Predictive Modeling of NMR Chemical Shifts without Atom-level Annotations
Journal
J. Chem. Inf. Model. (Journal of Chemical Information and Modeling)
Date
2020.07.21
Abstract
Recently, machine learning has successfully been applied to NMR chemical shift prediction. To build a prediction model, existing methods required a training dataset consisting of molecules whose NMR-active atoms are annotated with their chemical shifts. However, the laborious atom-level annotation task must be conducted manually by chemists, and thus, it is difficult to make it large-scale in practice.
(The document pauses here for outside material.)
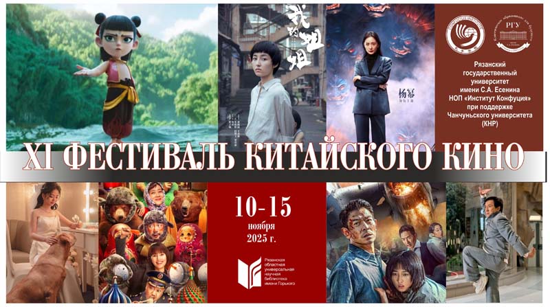 ХI Фестиваль китайского кино пройдет в библиотеке имени Горького с 10 по 15 ноября. Организатором фестиваля выступает научно-образовательное подразделение «Институт Конфуция» Рязанского государственного университета имени С.А. Есенина при поддержке Чанчуньского университета (КНР).

To address the issue, we propose a weakly supervised learning method to enable predictive modeling of NMR chemical shifts without explicit atom-level annotations in the training dataset.
For the proposed method, the training dataset is constituted by a set of molecules that are labeled with chemical shifts at the molecule-level. As the prediction model, we build a message passing neural network that predicts the chemical shifts of individual NMR-active atoms in a molecule. By ntroducing a loss function that is invariant to the permutation of atoms in a molecule, the model is trained in a weakly supervised manner to minimize the molecule-level difference between a set of predicted chemical shifts and the corresponding set of actual chemical shifts across the training dataset. Accordingly, during the training, the predicted chemical shifts by the model are approximately aligned with the actual chemical shifts in a data-driven fashion. We demonstrate that the proposed method achieves the performance comparable to the existing fully supervised methods in predicting chemical shifts of 1H and 13C NMR spectra for small molecules.